Welcome to Fall 2019!



Link here for Curiosities

T.A. Bryce Jepsen, Consultation Hours before class, 607 ST, and after

". . . But not even the soft wash of dusk could help the houses. Only dynamite would be of any use against the Mexican ranch houses, Samoan huts, Mediterranean villas, Egyptian and Japanese temples, Swiss chalets, Tudor cottages, and every possible combination of these styles that lined the slopes of the canyon.

When he noticed that they were all of plaster, lath and paper, he was charitable and blamed their shape on the materials used. Steel, stone and brick curb a builder's fancy a little, forcing him to distribute his stresses and weights and to keep his corners plumb, but plaster and paper know no law, not even that of gravity.

On the corner of La Huerta Road was a miniature Rhine castle with tarpaper turrets pierced for archers. Next to it was a highly colored shack with domes and minarets out of the Arabian Nights. Again he was charitable. Both houses were comic, but he didn't laugh. their desire to startle was so eager and guileless.” Nathaniel West, The Day of the Locust (1939)


1. Course Goals & Purpose

What is the (S)tate of California? Are we extraordinarily innovative, or especially imitative? Are we truly unique, or a mere reflection of the nation as a whole? Part of the West, or an extension of the East? What part of our State's identity is myth, and what part reality? We will chase down ideas about our "elusive Eden" by following shifting land and resource use, various cultural influences, and governing polities from the time of indigenous populations to the present. How have environmental, economic, social, and political forces molded California, and which of these do you consider most significant? 

This is a survey class of California’s history and geography, and the purpose is to gain a basic understanding of California’s spatial patterns in historical context. The two are a natural blend because historians often begin with geography, and geographers study connections between environment and people. Scholars in both fields consider environmental, economic, social, political, cultural history, and geographic contexts, though with a different focus. Staple reading in this class will be the textbook Pacific El Dorado, along insights provided by Lisbeth Haas’ Saints and Citizens, Ruthanne Lum Mc Cunn’s historical novel Thousand Pieces of Gold, and Phillip Fradkin's?Seven States of California 

The past is all around us, and it is also my hope that you will be able to observe present traces of California's history. I encourage you, as you are able, to take hikes, visit local museums, and talk to people around you. Share with us your discoveries, along with any interesting books or film/ video forms you may find. I have suggested field trips which correspond with different times in California’s history—Aboriginal California to American takeover, the Gold Rush through pre-progressive era, and the twentieth century—though there are as many field trips as you can find in your imagination. Follow your curiosity. 

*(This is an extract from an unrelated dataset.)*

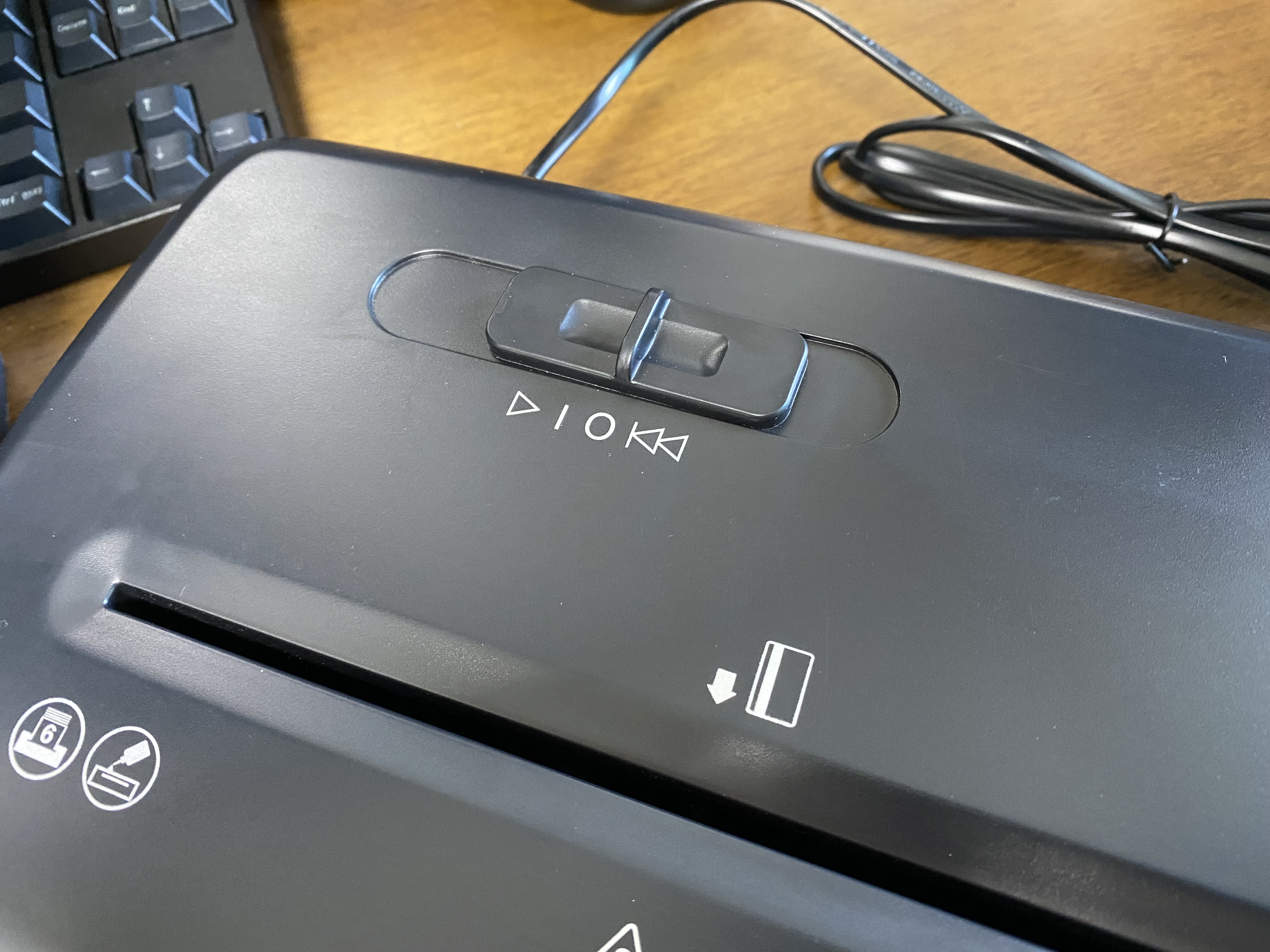 펠로우즈 문서세단기 P-30C 세단기 헤드입니다. 종이(또는 카드)가 들어가는 투입구, 컨트롤 스위치가 전부입니다. 나름 위험한 제품답게 경고 문구가 많이 인쇄된 것을 볼 수 있습니다.

2. Required Books & Reading (Also available in the Reserve Reading Room)

1-Text: Thomas Osborne, Pacific El Dorado (2013) Online at the Oviatt.

2-LisbethHaas, Saints and Citizens (2014) Online at the Oviatt.

3- Ruthanne Lum McCunn, Thousand Pieces of Gold (1981)

4-Philip Fradkin, Seven States of California (1995)

5-Additional Article Reading provided.

3. Assignments & Grading

California Curiosity Presentation, Class Participation, 10 % (100 pts)

Three Midterm Exams, 60 % (600 pts)

Three 4-6 page Essays, 30 % (300 pts)

Class Policies

Office Hours: I am on campus much, and I also do advisement for history students. My official Office Hours are Tuesdays 9:15 to 10 and Wednesdays 6 pm. . However, you can find me in my office additionally as listed on my advisement page (Just click "Yamane Advising" on my main Index page @ yamasun.net.

If you have any questions or concerns, please do not wait until the day before or after work is due. I encourage you to come by to see me with questions, comments, or d. In a large class, as many of our classes now are, individual meetings help me to know both you and your work better. As a general rule here at CSUN, you should push yourself to attend instructor office hours. You will get more out of your classes, and more out of CSUN.

Attendance: Come to class and please, be on time. You are responsible for what is covered and discussed in class. If you have to miss a class, get notes from another student, look them over, and then come by with any questions.

Leaving class, coming back, leaving class, returning. . . .please remain in class until the end unless you have an emergency. If you have to plan to leave early, please sit by the door. Thank-you from myself and the rest of the class that is distracted when students do this.

No Make Ups unless you have documented reasons.

Regarding CANVAS: Please note, I ONLY use Canvas for the TURNITIN LINK on written assignments. I DO NOT USE the grading feature, the email, nor any other part of this online platform. Again, I only use it for the Turnitin Plagiarism program, and when you open our class "tile," as they call it, the links will be easily visible. Any additional reading, along with power points, will be password protected on my webpage-syllabus or emailed.

Computers, Phones, and Electronic in Class: Some people say that taking hand notes is much better for our memories than using computers. In any case, please do not come to class to watch movies or to email. Put in time and attention, and class time then will help with reading. Also, of course, no phones or electronic distractions.

Plagiarism. Using the words of others without proper quotations and citations is not allowed. Any time you "cut and paste" from the web or copy others', you render the assignment useless. Plagiarism does not help you to develop critical thinking and basic writing skills, and it is usually easy for instructors to discern. Why even bother? Reading, writing, then thinking about significance is not easy; it requires time and thoughtfulness. If you put in the time, you will be amazed by your ability write engaging essays. Also, you may ONLY use class material in your essays--that is, the required books and the additional assigned readings, as well as class lectures.